Common errors the validators catch include missing required properties (an AggregateRating without ratingValue), invalid value types (a reviewCount with non-numeric content), and structural problems (Review markup that doesn’t nest properly under a parent entity). The validation catches these before deployment so the implementation works correctly when it goes live.
The validators don’t catch policy violations. Self-serving reviews, fake aggregate counts, and schema-content mismatches aren’t technical errors. Policy compliance requires editorial discipline beyond what automated validation can check.
Implementation priorities for local businesses in 2026:
The implementation pattern that produces value for local businesses in 2026 combines several schema layers strategically.
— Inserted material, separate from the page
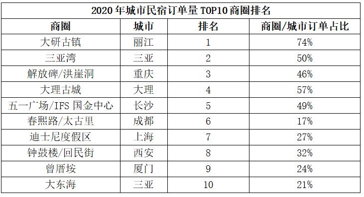 商圈能够给城市民宿带来的订单量越多,价值度就越高。途家民宿数据统计显示,2020年国内城市民宿订单量排名最高的十大城市商圈:

LocalBusiness schema with AggregateRating on the home page or location pages provides entity-level trust signal and AI Overview eligibility, without expecting visible star ratings. Service schema with AggregateRating on individual service pages provides visible star rating eligibility for service-specific queries. Individual Review markup nested under either schema type adds depth and verification signals.
The maintenance commitment matters as much as the initial implementation. Aggregate values have to update as new reviews accumulate. New individual reviews replace older ones. The schema content has to keep matching what’s visible on the page. Set-and-forget implementations degrade as the visible content evolves and the schema falls behind.
For agencies and consultants implementing review schema across client sites, the audit cadence is quarterly: verify schema is still present, validate against current Google tools, check aggregate values for accuracy, confirm visible content still matches structured data. The maintenance work isn’t visible to users, but the missing maintenance shows up as lost rich results and degraded AI Overview citation.
What changed in 2026 isn’t the underlying schema standards but the enforcement aggressiveness around alignment, authenticity, and policy compliance. The implementations that game the system through inflated counts, self-serving reviews, or schema-content mismatches get caught faster and lose visibility more completely. The implementations that follow the standards honestly accumulate trust signals over time. Those signals compound across rich snippets, AI Overviews, and entity recognition.